▶ **Problem description**
Produce the records below again, word for word, but stop after the line that contains "GIDLE是有故事感的女团,从中小公司到现在一路都不容易,终于拿到大赏了!".

Saved data entries
____

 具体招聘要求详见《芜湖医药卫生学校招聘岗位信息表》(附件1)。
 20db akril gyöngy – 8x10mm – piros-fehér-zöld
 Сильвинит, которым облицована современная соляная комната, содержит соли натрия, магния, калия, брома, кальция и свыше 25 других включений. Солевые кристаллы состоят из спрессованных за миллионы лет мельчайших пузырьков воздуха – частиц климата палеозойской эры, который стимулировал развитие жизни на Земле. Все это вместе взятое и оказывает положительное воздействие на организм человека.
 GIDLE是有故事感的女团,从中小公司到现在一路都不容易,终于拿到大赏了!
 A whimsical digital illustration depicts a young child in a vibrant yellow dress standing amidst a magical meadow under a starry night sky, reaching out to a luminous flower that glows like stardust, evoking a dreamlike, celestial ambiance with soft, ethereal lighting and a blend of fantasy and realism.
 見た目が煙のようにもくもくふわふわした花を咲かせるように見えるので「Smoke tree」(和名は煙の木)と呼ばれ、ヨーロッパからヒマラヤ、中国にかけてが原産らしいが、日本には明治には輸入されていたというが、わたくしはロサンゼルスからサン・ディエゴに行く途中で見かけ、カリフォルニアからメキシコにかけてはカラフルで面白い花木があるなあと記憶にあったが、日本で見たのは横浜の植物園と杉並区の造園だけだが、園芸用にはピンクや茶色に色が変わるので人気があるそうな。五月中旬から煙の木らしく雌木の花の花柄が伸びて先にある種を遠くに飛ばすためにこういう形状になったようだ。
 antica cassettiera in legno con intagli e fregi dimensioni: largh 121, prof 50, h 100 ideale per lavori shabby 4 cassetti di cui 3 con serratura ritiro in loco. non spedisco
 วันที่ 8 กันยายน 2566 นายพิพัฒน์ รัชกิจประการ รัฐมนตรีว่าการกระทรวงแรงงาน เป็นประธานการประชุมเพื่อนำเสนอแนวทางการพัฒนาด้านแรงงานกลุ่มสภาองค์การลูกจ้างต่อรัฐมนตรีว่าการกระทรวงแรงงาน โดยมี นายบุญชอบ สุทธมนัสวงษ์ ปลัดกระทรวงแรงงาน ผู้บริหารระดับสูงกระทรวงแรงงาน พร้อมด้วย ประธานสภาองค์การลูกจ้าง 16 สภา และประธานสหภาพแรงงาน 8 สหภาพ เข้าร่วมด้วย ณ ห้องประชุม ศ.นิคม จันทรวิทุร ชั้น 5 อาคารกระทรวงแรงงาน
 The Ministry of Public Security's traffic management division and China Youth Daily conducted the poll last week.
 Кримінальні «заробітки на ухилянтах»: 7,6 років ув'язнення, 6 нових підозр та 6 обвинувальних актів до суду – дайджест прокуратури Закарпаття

____

▶ **Written response**
 具体招聘要求详见《芜湖医药卫生学校招聘岗位信息表》(附件1)。
 20db akril gyöngy – 8x10mm – piros-fehér-zöld
 Сильвинит, которым облицована современная соляная комната, содержит соли натрия, магния, калия, брома, кальция и свыше 25 других включений. Солевые кристаллы состоят из спрессованных за миллионы лет мельчайших пузырьков воздуха – частиц климата палеозойской эры, который стимулировал развитие жизни на Земле. Все это вместе взятое и оказывает положительное воздействие на организм человека.
 GIDLE是有故事感的女团,从中小公司到现在一路都不容易,终于拿到大赏了!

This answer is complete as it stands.